Write out again, exactly, the lines below starting at the one with "늘었다’는 1.9%에 불과했다." and ending at the one with "Пуловер с черным".

> **THE INPUT**:
###

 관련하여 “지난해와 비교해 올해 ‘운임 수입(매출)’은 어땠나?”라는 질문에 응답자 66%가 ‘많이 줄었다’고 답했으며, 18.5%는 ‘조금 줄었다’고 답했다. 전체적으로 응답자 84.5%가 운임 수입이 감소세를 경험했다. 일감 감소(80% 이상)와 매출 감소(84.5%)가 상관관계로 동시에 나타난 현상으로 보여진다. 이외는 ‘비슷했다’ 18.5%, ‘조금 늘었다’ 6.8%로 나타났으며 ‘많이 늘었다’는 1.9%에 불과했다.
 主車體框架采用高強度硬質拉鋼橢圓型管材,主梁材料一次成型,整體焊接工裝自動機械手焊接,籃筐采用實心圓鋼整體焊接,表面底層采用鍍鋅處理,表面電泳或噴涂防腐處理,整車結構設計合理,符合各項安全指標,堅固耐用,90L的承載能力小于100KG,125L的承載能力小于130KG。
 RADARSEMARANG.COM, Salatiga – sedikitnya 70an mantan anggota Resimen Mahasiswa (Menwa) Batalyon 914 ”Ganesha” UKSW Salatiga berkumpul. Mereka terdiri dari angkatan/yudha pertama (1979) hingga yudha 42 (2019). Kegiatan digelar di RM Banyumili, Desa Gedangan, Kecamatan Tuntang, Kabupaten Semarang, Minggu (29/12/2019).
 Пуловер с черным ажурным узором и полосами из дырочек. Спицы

###

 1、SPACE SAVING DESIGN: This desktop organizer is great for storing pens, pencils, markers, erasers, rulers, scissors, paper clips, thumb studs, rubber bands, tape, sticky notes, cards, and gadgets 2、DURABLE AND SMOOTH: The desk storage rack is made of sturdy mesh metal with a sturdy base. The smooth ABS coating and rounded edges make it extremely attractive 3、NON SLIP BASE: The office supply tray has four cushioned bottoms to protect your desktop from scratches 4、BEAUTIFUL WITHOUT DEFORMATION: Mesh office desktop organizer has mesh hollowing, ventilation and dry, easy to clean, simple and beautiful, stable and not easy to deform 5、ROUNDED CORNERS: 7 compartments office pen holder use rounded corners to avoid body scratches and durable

###

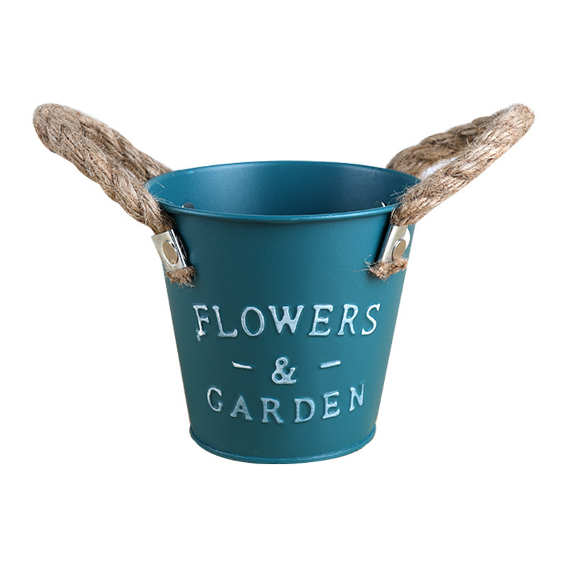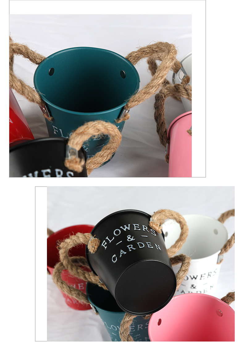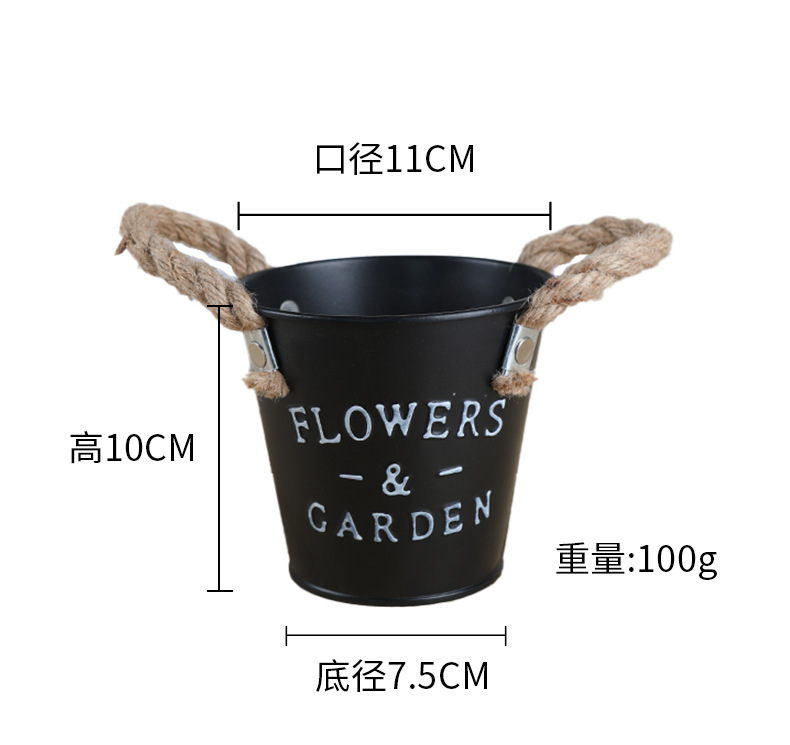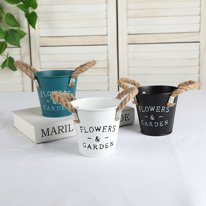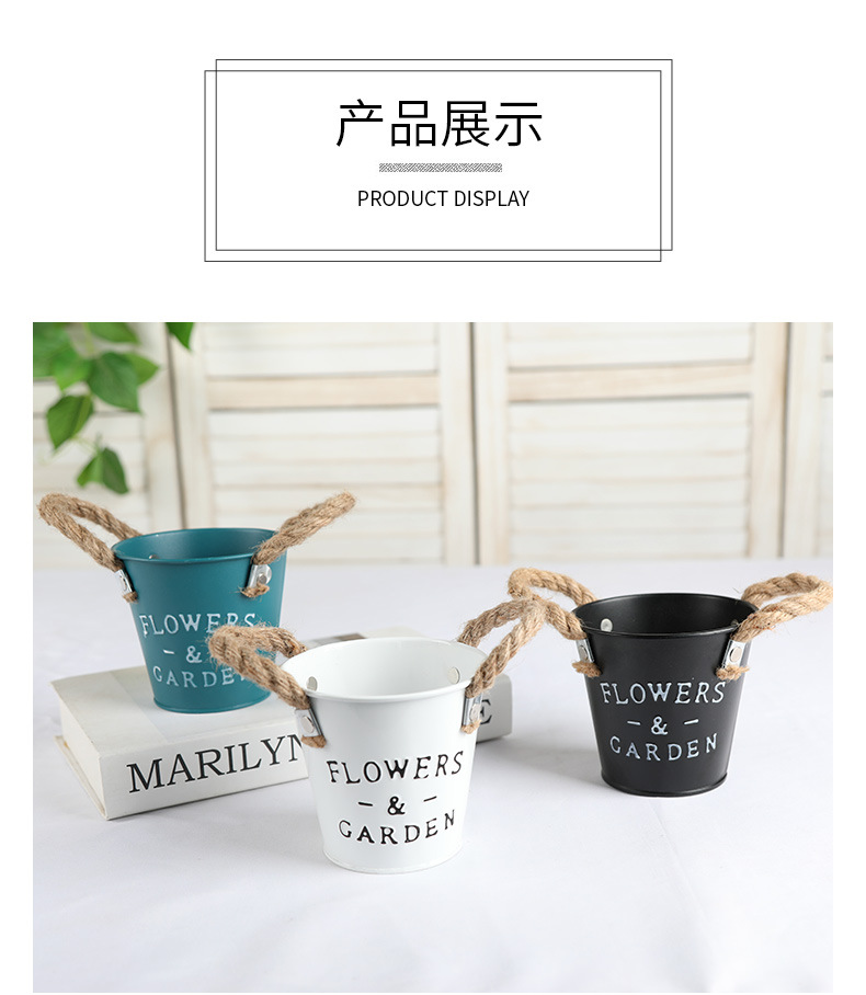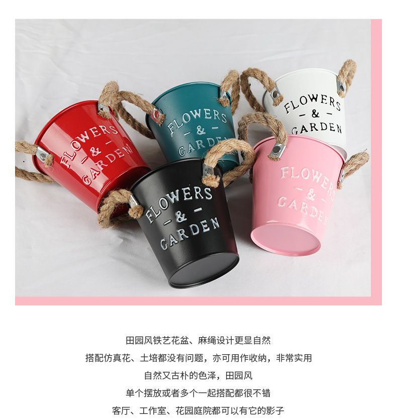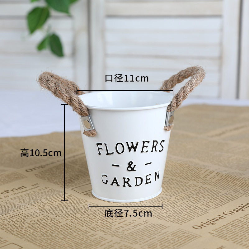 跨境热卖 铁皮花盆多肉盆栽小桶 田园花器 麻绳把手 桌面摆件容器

###

> **OUTPUT FOR THIS EXERCISE**:
 관련하여 “지난해와 비교해 올해 ‘운임 수입(매출)’은 어땠나?”라는 질문에 응답자 66%가 ‘많이 줄었다’고 답했으며, 18.5%는 ‘조금 줄었다’고 답했다. 전체적으로 응답자 84.5%가 운임 수입이 감소세를 경험했다. 일감 감소(80% 이상)와 매출 감소(84.5%)가 상관관계로 동시에 나타난 현상으로 보여진다. 이외는 ‘비슷했다’ 18.5%, ‘조금 늘었다’ 6.8%로 나타났으며 ‘많이 늘었다’는 1.9%에 불과했다.
 主車體框架采用高強度硬質拉鋼橢圓型管材,主梁材料一次成型,整體焊接工裝自動機械手焊接,籃筐采用實心圓鋼整體焊接,表面底層采用鍍鋅處理,表面電泳或噴涂防腐處理,整車結構設計合理,符合各項安全指標,堅固耐用,90L的承載能力小于100KG,125L的承載能力小于130KG。
 RADARSEMARANG.COM, Salatiga – sedikitnya 70an mantan anggota Resimen Mahasiswa (Menwa) Batalyon 914 ”Ganesha” UKSW Salatiga berkumpul. Mereka terdiri dari angkatan/yudha pertama (1979) hingga yudha 42 (2019). Kegiatan digelar di RM Banyumili, Desa Gedangan, Kecamatan Tuntang, Kabupaten Semarang, Minggu (29/12/2019).
 Пуловер с черным ажурным узором и полосами из дырочек. Спицы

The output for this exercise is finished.